Conservatives, however, are sure to follow this recent advice from the Heritage Foundation, formerly a think tank and now a policy-making group:

“We urge you to avoid bringing any legislation to the House Floor that could expose or highlight major schisms within the conference. Legislation such as the Internet sales tax or the farm bill which contains nearly $800 billion in food stamp spending, would give the press a reason to shift their attention away from the failures of the Obama administration.”

[Note: The $800 billion covers ten years; using that amount makes it look much larger.]

Charlie Cook followed that up with a National Journal piece late Thursday:

“Republicans would be much wiser to pursue a third option: Dig up as much damaging information as they can about the Obama administration and leak it to reporters they know will write tough stories that won’t be traced back to the source. That way, the public won’t see the GOP as being obsessed with attacking the other side and playing gotcha at the expense of the big issues facing the country—the ones voters really care about.

“Meanwhile, everyone in Washington will watch polls for signs of blood in the water, indications that the controversies or scandals—depending upon your perspective—are taking a political toll on Obama’s job-approval numbers.”
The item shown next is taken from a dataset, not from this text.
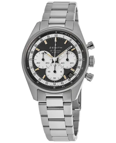 Brand: ZENITH (Swiss Luxury Watch). Model Name: Chronomaster Original. Dial Color: Black. Case Material: Stainless Steel. Case Size: 38mm Round. Movement Type: Automatic mechanical, Caliber El Primero 3600. Functions: Date display at the 4-5 position, Analog sub-dials displaying seconds and tenths of a second (1/10th), analog minutes sub-dial for chronograph timing. Additional Features: Three sub-dials on black dial; Silver tone hands with index hour markers; Minute markers around outer rim; Scratch-resistant sapphire crystal; Water Resistance: 50 meters / 165 feet.

Meanwhile, 70 GOP representatives, led by Rep. Matt Salmon (R-AZ), have set out to lower Congress’s popularity, and the Tea Party is cheering them on. Their goal is to make Boehner follow the “Hastert rule”: only bills with majority GOP support are allowed on the House floor.

There actually is no “Hastert Rule.” Its author, GOP strategist John Feehery, said that it is “situational advice, never a hard-and-fast rule.” He sees insistence on this “rule” as counterproductive for conservatives, encouraging ideological rigidity and eliminating any compromise with Democrats, meaning that Boehner must work with the opposing political party to pass any bills other than renaming post offices.

After Issa’s letter to Rep. Elijah Cummings (D-MD), scolding him for demanding the release of full transcripts of the IRS investigation, the Democrats on Issa’s House Oversight Committee responded. They set Monday as the deadline for Isssa to explain why he refuses to release these transcripts of witness testimony or they will release the transcripts themselves. Issa’s problem is that the transcripts will most likely indicate no evidence of White House involvement in the process of selecting IRS audits.

Issa is most likely looking forward to the August town hall meetings where he has total control. Recess will make little difference in the Congressional level of activity; it just means that they cannot do any harm.